Peter Yarrow of the 1960s American folk trio Peter, Paul and Mary, who received a presidential pardon after being convicted of sexually assaulting a teenage girl, has died in New York. He was 86.
His longtime publicist told AFP in a statement that Yarrow, the songwriter behind hits like Puff the Magic Dragon, had been battling bladder cancer for four years.
Yarrow and his bandmates Mary Travers and Noel Paul Stookey burst onto the American folk music scene in 1961 with an influential style punctuated by rich three-part harmonies and progressive activist politics.
Born on 31 May 1938 in Manhattan to Jewish immigrants from Ukraine, Yarrow studied painting before turning to singing and guitar as a student at Cornell University.
After graduating, he moved to New York and became a regular on Greenwich Village's burgeoning folk scene.
The band blended folk roots and commercial success: their self-titled 1962 debut reigned over the US charts and sold more than two million copies.

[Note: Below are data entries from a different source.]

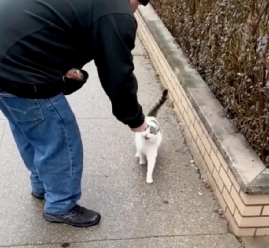 Όταν έφτασαν στο συνηθισμένο σημείο, η γάτα ήταν ήδη εκεί και τους περίμενε. Αμέσως ήρθε τρέχοντας, νιαουρίζοντας και χτυπώντας τους με το κεφάλι για χάδια και αγάπη.
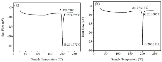 The Differential Scanning Calorimeter (DSC) curves of Sn-9Zn-xY alloys: (a) Sn-9Zn, (b) Sn-9Zn-0.02Y, (c) Sn-9Zn-0.04Y, (d) Sn-9Zn-0.06Y, (e) Sn-9Zn-0.08Y, (f) Sn-9Zn-0.10Y, (g) Sn-9Zn-0.20Y, (h) Sn-9Zn-0.30Y.
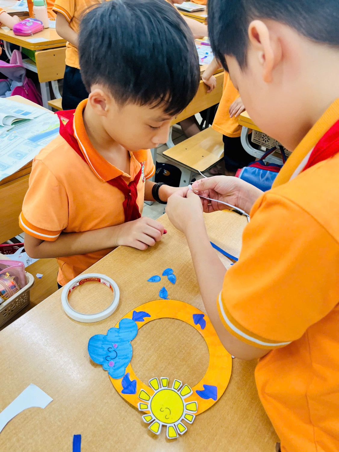Từ những vật liệu gần gũi như giấy, chai nhựa, bìa màu hay sợi len, các nhóm học sinh đã cùng nhau sáng tạo nên những mô hình sinh động, đầy màu sắc và ý tưởng: những dòng sông xanh, áng mây trắng, giọt mưa long lanh... tất cả được tái hiện bằng trí tưởng tượng phong phú và đôi tay khéo léo. Mỗi mô hình là một “tác phẩm nhỏ” thể hiện sự hiểu biết, tinh thần hợp tác và niềm say mê học hỏi của các em.
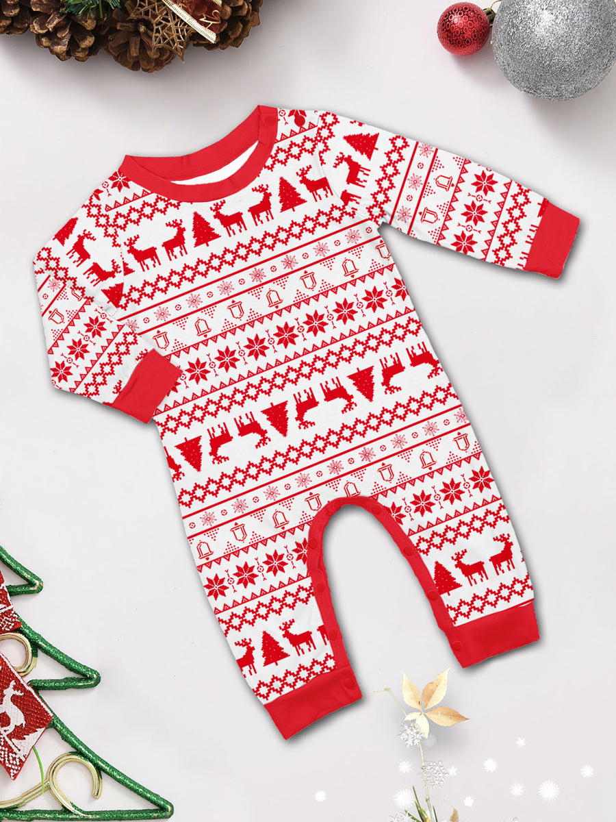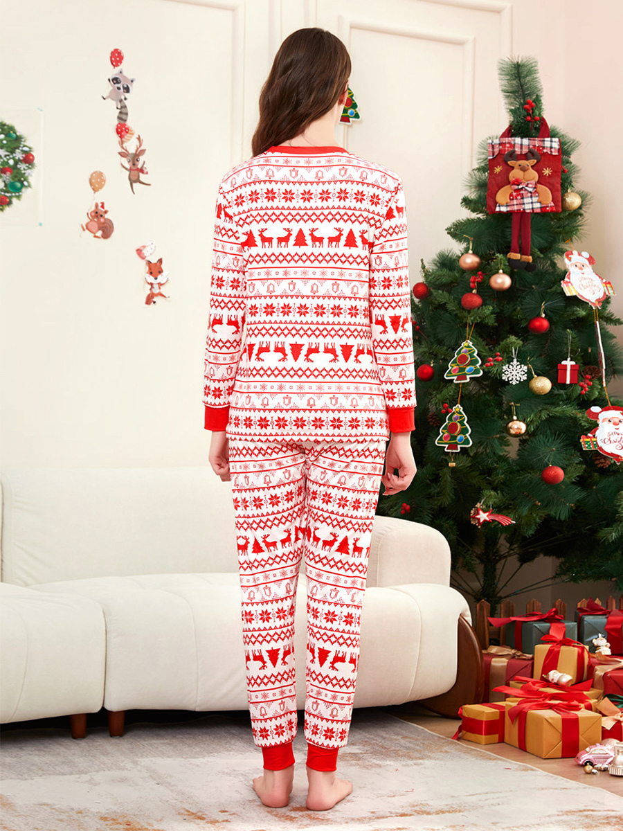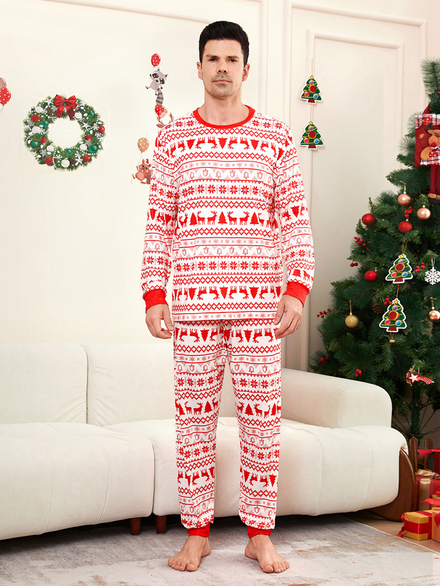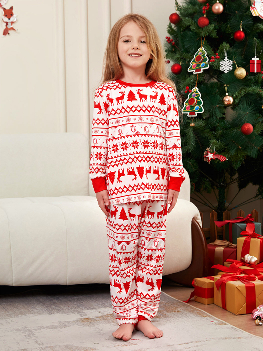 クラシックな赤と白のトナカイ柄ファミリークリスマスパジャマホリデーセット 2025
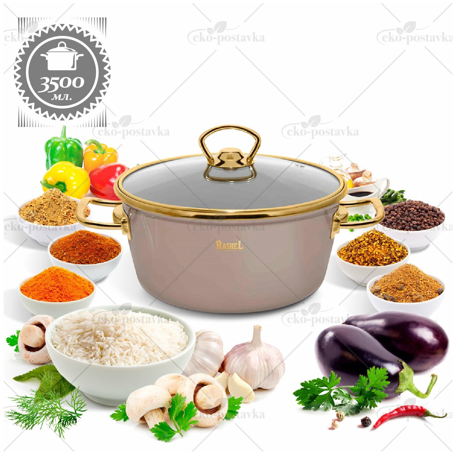 Купить Кастрюля эмалированная 3,5 л с крышкой 22 см Rashel для газовых электрических и индукционных плит
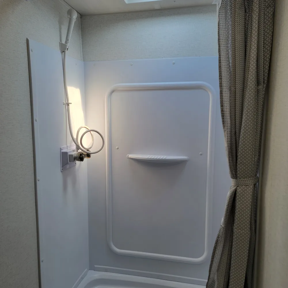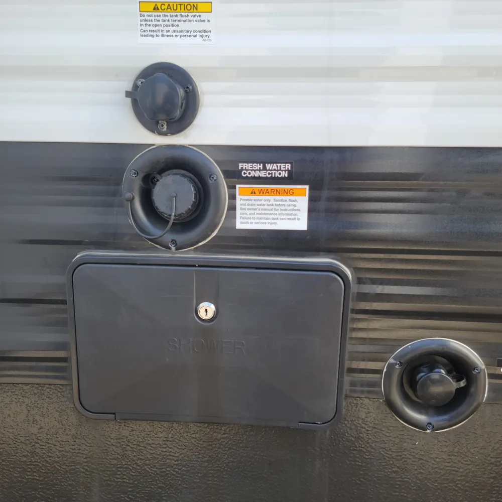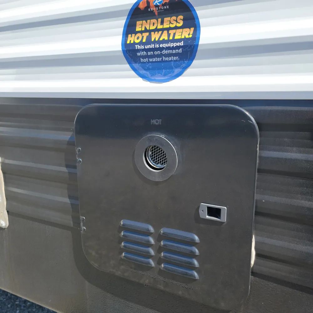 Equipped for the camping season with a 15,000 BTU air conditioner and 30,000 BTU furnace. A tankless water heater, power tongue jack, and in-floor heating ducts are all standard on the Hideout 24FKS.

Their rendition of Blowin' in the Wind became a popular interpretation of fellow folk singer Bob Dylan's anti-war anthem. Peter, Paul and Mary performed the song at the 1963 March on Washington by the civil rights movement - where the Rev Martin Luther King Jr delivered his I Have a Dream speech - cementing its place in the folk activist canon.
Their version of the progressive protest song If I Had a Hammer - written by Pete Seeger and Lee Hays - earned the trio two of their five Grammy wins.
Their other hits included Day Is Done and The Great Mandala. The trio also covered John Denver's Leavin' on a Jet Plane to chart-topping success.
But they broke up in 1970, shortly after the song's release, partly to pursue solo work and partly because Yarrow was accused of the sexual assault of a 14-year-old girl who had gone with her teenage sister to Yarrow's Washington DC hotel room seeking an autograph.
Yarrow served three months of a prison sentence after pleading guilty to taking "indecent liberties" with the child. The victim's family sued Yarrow, settling for an undisclosed sum.
The artist was controversially pardoned in 1981 by then-president Jimmy Carter.
The case trailed him, however: in 2019, as the #MeToo movement gained traction, he was due to perform at a New York arts festival, but the set was cancelled due to protests.
In a statement at the time, Yarrow voiced remorse: "I do not seek to minimize or excuse what I have done and I cannot adequately express my apologies and sorrow for the pain and injury I have caused."
The Washington Post reports that in 2021, another woman alleged Yarrow had raped her when she was a minor in 1969. Her lawsuit was also settled privately.
Neither Yarrow nor his bandmates achieved the fame as solo artists as they did together. They reunited for one-off shows before touring regularly throughout the late 20th century, until Travers was diagnosed with cancer from which she eventually died in 2009.
The group played their final performance together in May 2009 in New Jersey.